El corzo, dio tres pasitos a la derecha, saliendo del pequeño roble y se paró, momento que aproveche para subir lentamente el arco, pero…Dios…los nervios traicioneros me hicieron tocar el disparador y la flecha salio despedida antes de llegar a subir totalmente el arco. El corzo se asusto y corrió unos 10 metros, para volver a pararse e intentar averiguar que había ocurrido. Yo maldecía, y rodilla en suelo intentaba montar otra flecha en silencio, mientras mi ojo derecho no le perdía de vista. Petrificado, esperaba a que terminara su exhaustivo examen del lugar y decidiera cual iba a ser su siguiente movimiento. Uffff…el rojizo duende decidió volver al pequeño alcornoque a continuar su labor de marcado del lugar…, y esta vez, subí mi arco y lo abrí convencido de que dos oportunidades eran un regalo divino, que no podía desaprovechar.
Esta vez salio del pequeño roble por la izquierda y coloque el espacio existente entre los pines de 25 y 30 metros en mitad de su pequeño cuerpo. Solté y pude ver como la flecha se clavaba por debajo de su zona torácica, cogiendo intestino y rompiendo su rodilla derecha. Salió corriendo mientras lanzada un quejido de dolor, y creí por un momento que lo perdería, pero… el precioso animal no podía correr. Su rodilla derecha estaba totalmente rota y la flecha clavada en su abdomen le trababa las patas, a la vez que lanzadas unos quejidos, que jamás antes había escuchado. Estaba parado a escasos 20 metros, tapados por los brezos, pero su rojiza piel se distinguía entre las ramas de estos. Monté una tercera flecha y volvía a soltar, pero las ramas de brezo son duras y el escudo pudo evitar que la flecha terminara su agonía. Una nueva carrera de 10 metros, un nuevo quejido y no puede contenerme. Salí corriendo, cuchillo en mano, a terminar tan agónico momento. Llegué a él, y sin titubear, agarre firmemente su cuerna con mi mano derecha, y mi cuchillo busco su pequeño corazón. Sólo, un último quejido se escucho en el bosque, mientras un sentimiento de angustia se apoderaba de mí. Me quede quieto, inmóvil, delante de él, pidiéndole perdón por tan doloroso final, contemplando como se le escapaba el último hilo de vida. Lo coloqué en una posición digna de su linaje y le rendí pleitesía, tal y como me enseñaron a hacerlo los guardabosques polacos.

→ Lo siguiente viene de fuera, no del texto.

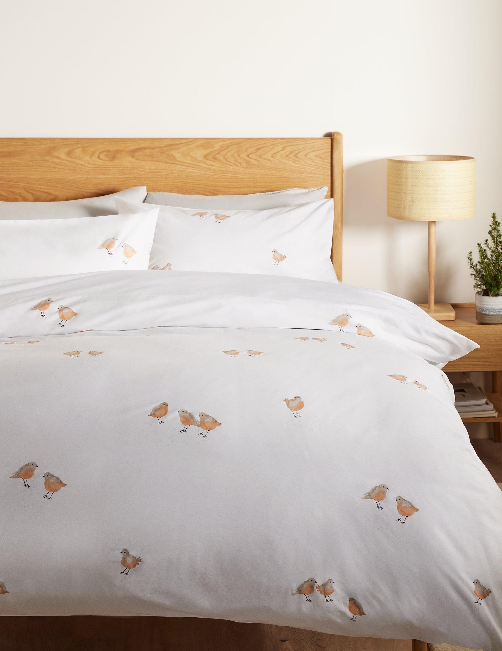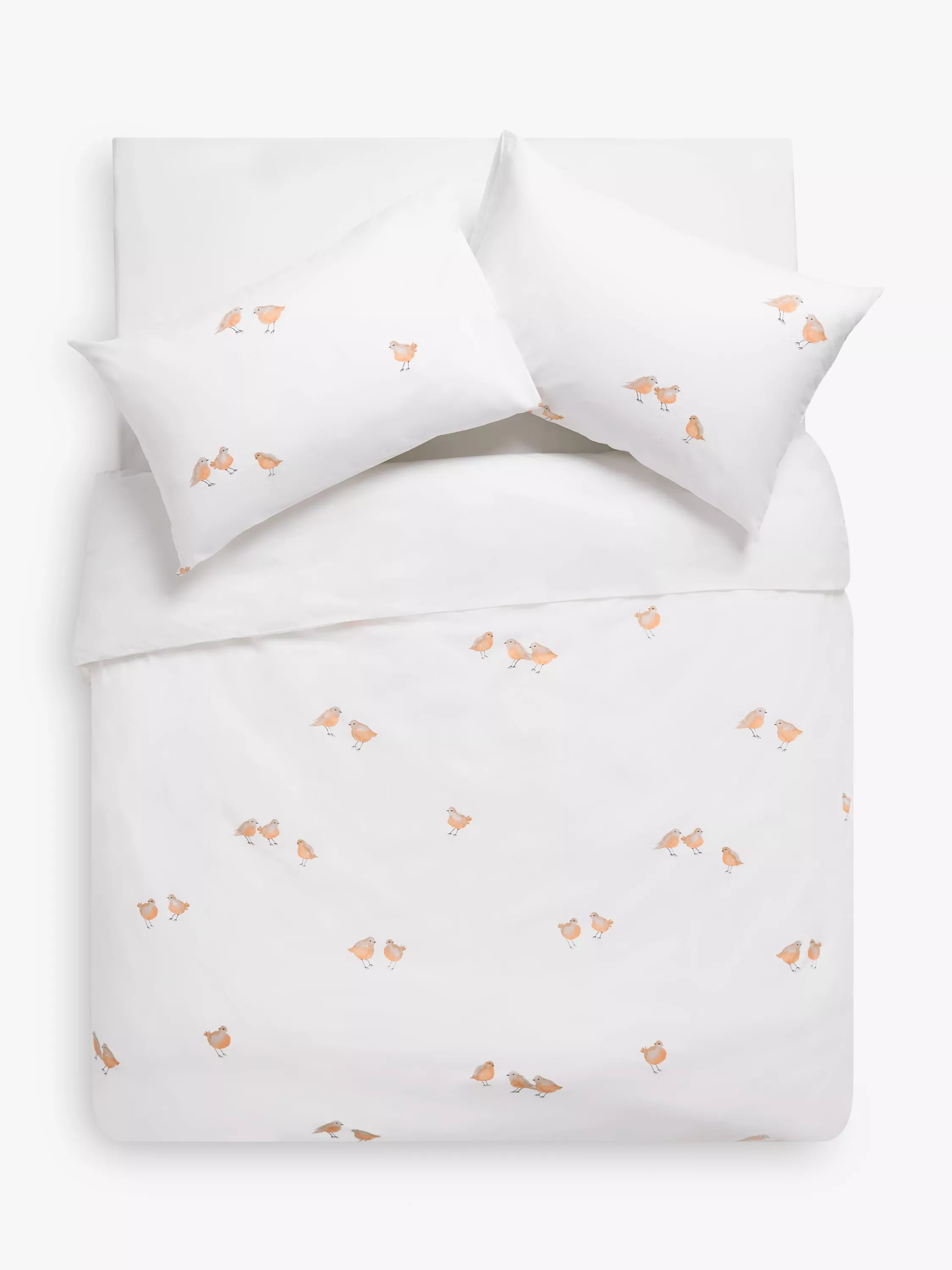 Give your bedroom or guest room a fun, festive makeover with this cute 100% cotton robins duvet cover set.

Lo había conseguido…, al fin…, había cobrado un corzo en condiciones con el arco. Recordaba el anterior que cobré hace dos años y nada, absolutamente nada se parecía a lo sentido en esta ocasión. Aquel corzo, era un corzo joven, confiado y con una cuerna deforme, que después de mucho meditar decidí quitar haciendo más una labor de gestión cinegética que un lance de caza..., pero este…este corzo era el corzo más grande que había visto yo en el coto…, y estaba allí, delante de mi, dándome la ocasión de despedirme del lugar con un recuerdo inolvidable.

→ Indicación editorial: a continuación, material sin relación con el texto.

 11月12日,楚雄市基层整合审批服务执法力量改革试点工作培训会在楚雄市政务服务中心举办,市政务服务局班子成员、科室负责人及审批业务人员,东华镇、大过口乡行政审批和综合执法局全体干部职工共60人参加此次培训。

Después de patear la zona para buscar las flechas disparadas y con el sentimiento de haber realizado un buen trabajo, pensé que lo mejor sería trasladar el corzo hasta el coche y terminar con las labores de limpieza para el aprovechamiento de la carne. Me eché el corzo a los hombros, al modo de borrego, y recorrí los escasos 300 metros que me separan del vehículo. Al llegar me di cuenta de que mi chaqueta camo estaba bañada en sangre, por lo que tras limpiar y preparar el animal, me encaminé a una charca cercana a lavar la chaqueta de iberwolf y mis manos.

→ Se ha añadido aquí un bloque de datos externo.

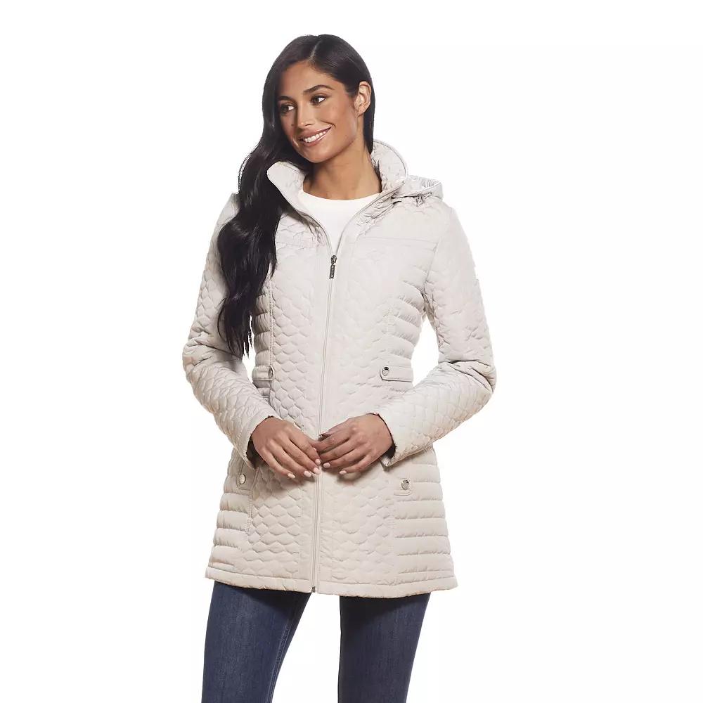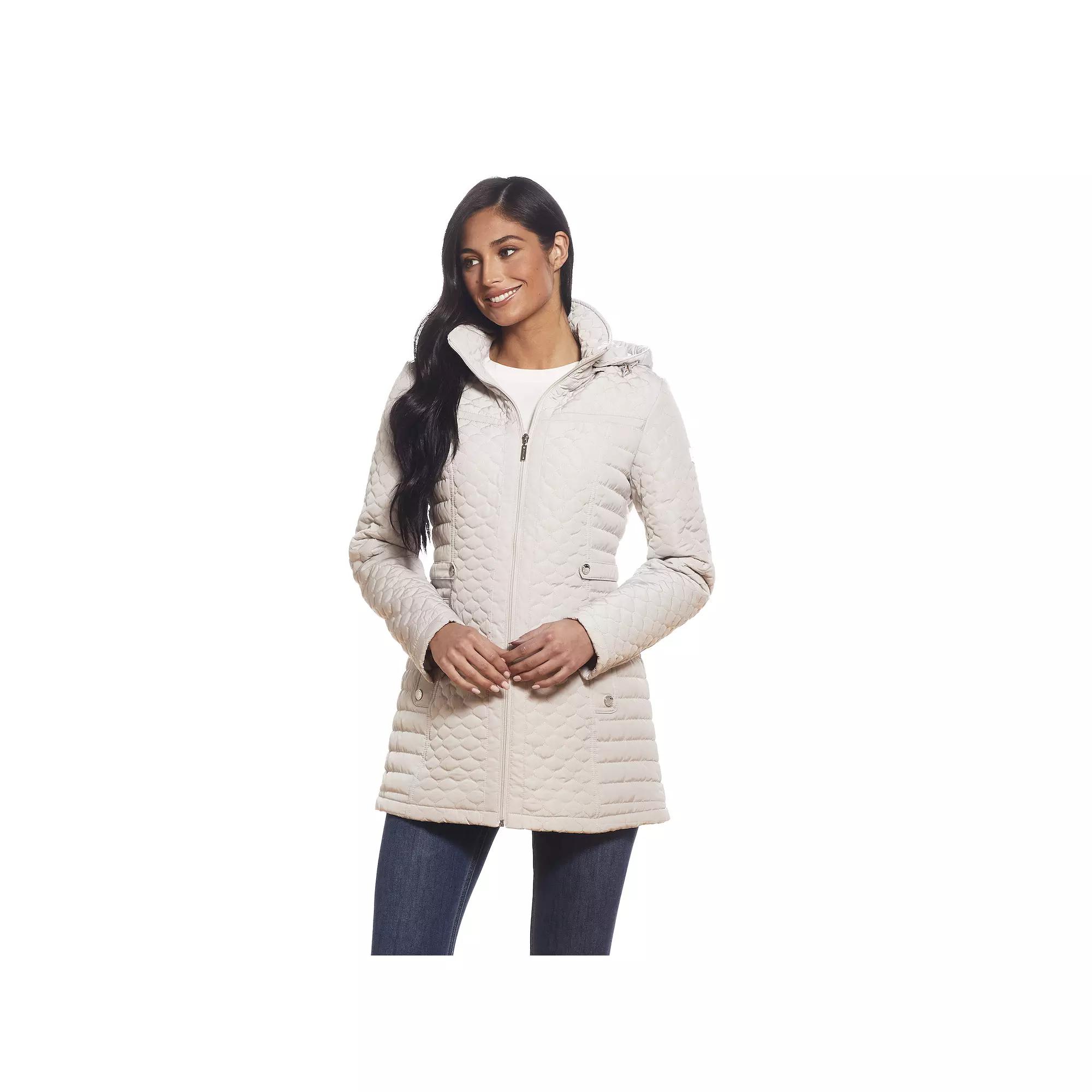 You'll be cute and cozy in this women's Gallery quilted jacket. Click on this WOMEN'S GUIDE to find the perfect fit and more! - https://www.kohls.com/feature/womens-fit-guide.jsp. Quilted design, Removable hood, Zipper front, Long sleeves, 2 pocket. FIT & SIZING: 31-in. approximate length from center back to hem, Designed to hit just below the waist, Side tabs for a custom fit, Midweight. FABRIC & CARE: Shell & lining: polyester, Machine wash - Delicate, Imported. Size: Medium. Color: White. Gender: female. Age Group: adult. Pattern: Solid.

Ya tranquilo, con el trabajo totalmente finalizado y fumando un pitillo, pensé que sólo quedaba poder hacer unas fotos para el recuerdo, pero…¡maldita sea¡…, mi cámara no estaba en mi mochila, por lo que tuve que esperar a Fabián a que trajera la suya… Aún así, ya de noche no podía dejar de inmortalizar el momento, pues la visión de una instantánea, lleva consigo el recuerdo completo, cual si película se tratará, de un momento especial: el día más feliz de mi vida como cazador arquero.